2026 Melville B. Nimmer Memorial Lecture
If you would like to attend virtually, please use the livestream link below:
https://uclalaw.hosted.panopto.com/Panopto/Pages/Viewer.aspx?id=f5e5b601-bf86-4a72-a362-b3fb000a70dc
This year’s Melville B. Nimmer Memorial Lecture will feature a keynote address by Erwin Chemerinsky, Dean and Jesse H. Choper Distinguished Professor of Law at the University of California, Berkeley School of Law.
Event Details
- Date: Wednesday, March 18, 2026
- Lecture: 6:00–7:30 p.m. PT
- Reception: 7:30–8:30 p.m., immediately following in Shapiro Courtyard
- Location: UCLA School of Law (Room 1430) & Livestream
When is the government’s burdening of the exercise of a right sufficient to be deemed an infringement? This issue arises frequently in First Amendment cases and indeed throughout constitutional law. But the Supreme Court has never articulated a test for determining this.
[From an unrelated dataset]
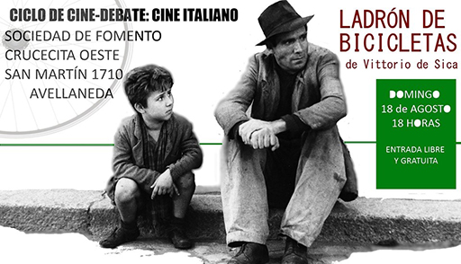 En el marco del ciclo de cine italiano que organiza la Sociedad de Fomento Crucecita Oeste, este domingo 18 de agosto a las 18 horas, proyectarán el film Ladrón de bicicletas de Vittorio de Sica. Al finalizar habrá debate.

One of its frequent approaches, especially in First Amendment speech and religion cases, is to draw a distinction between incidental and non-incidental effects. But this usually appears just as a conclusion, generally with decisive consequences, not as a method of analysis. Constitutional analysis, and the protection of speech and religion in particular, would be improved by developing a better approach for determining when the burdening of a right should be deemed an infringement.